In chess, small victories in position are what ultimately contribute to game-ending plays. So learn specific lessons from your small successes, analyze them for what worked, and then attempt to replicate.
 
I have some small success like yours with guys that I find cute but I don't consider this a 'success'. After a while, you get over it. Are you about 18-20?

I just think you seem to get excited over external validation --> cute girl smiles at you, you feel great. If not, you feel you're nobody.

But the thing is, when you get older, these things don't matter because you'll know that success derives from bigger things.

Also, if you really think about what hot girls find a turn off - guys who get all excited about things like that.
 
I'm 27 and I still am happy when cute girls like me. Maybe I'm not grown up yet.
 
IgnoredOne said:
I'm 27 and I still am happy when cute girls like me.


Big difference between them liking you or just flashing a smile back at you.

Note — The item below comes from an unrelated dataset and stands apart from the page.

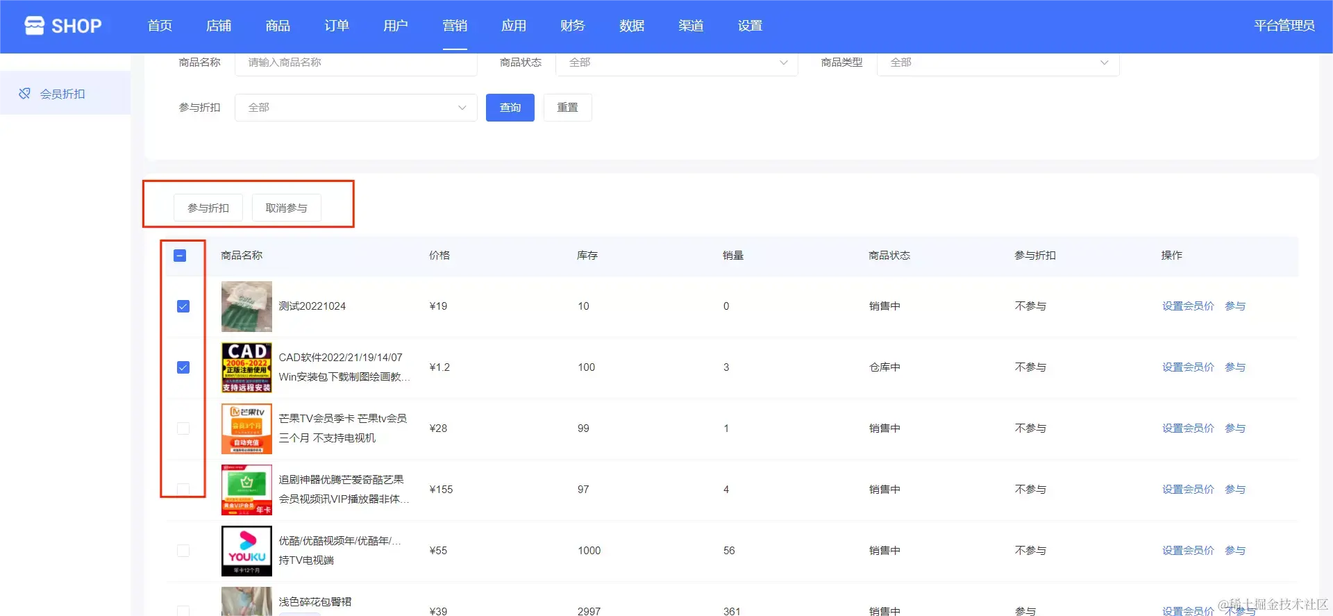 勾选商品可以批量选择是否参与折扣,下面可以看到商品名称、价格、库存、销量、商品状态、参与折扣等信息。如下图所示:

I smile at old men selling peanuts across the street sometimes. Doesn't mean I like them that way.

IgnoredOne said:
Maybe I'm not grown up yet.

I don't mean that type of growing up. And don't worry, most men don't grow up.
 
beans said:
IgnoredOne said:
I'm 27 and I still am happy when cute girls like me.


Big difference between them liking you or just flashing a smile back at you. I smile at old men selling peanuts across the street sometimes. Doesn't mean I like them that way.

When I was younger, say 18, a woman smiling at me was a big deal. It made me happy. Like you say it means nothing really.

IgnoredOne said:
Maybe I'm not grown up yet.

I don't mean that type of growing up. And don't worry, most men don't grow up.

 
Im making Progress....
I just moved into a new city.
Carman gave me her number lastnight after we chit chat.
Give me a few more weeks I'm pretty sure I'll get boob shots of her :p
I'm 45...I can still beautiful women in thier late 20's or early 30s.

Jenn was only 34. i totally messed that up. It would take me longer to and harder to win Jennifer's heart back and forgivness.

Even the relationship i have with Renae is like a TX two step...1 step forward and two steps back but still moving in a forward direction.
Renae and I are alot closer now or more understanding of each other than had ever been.

I have more pressing issuses...making progress a little bit at a time in those areas too. Lots of patients and persistent.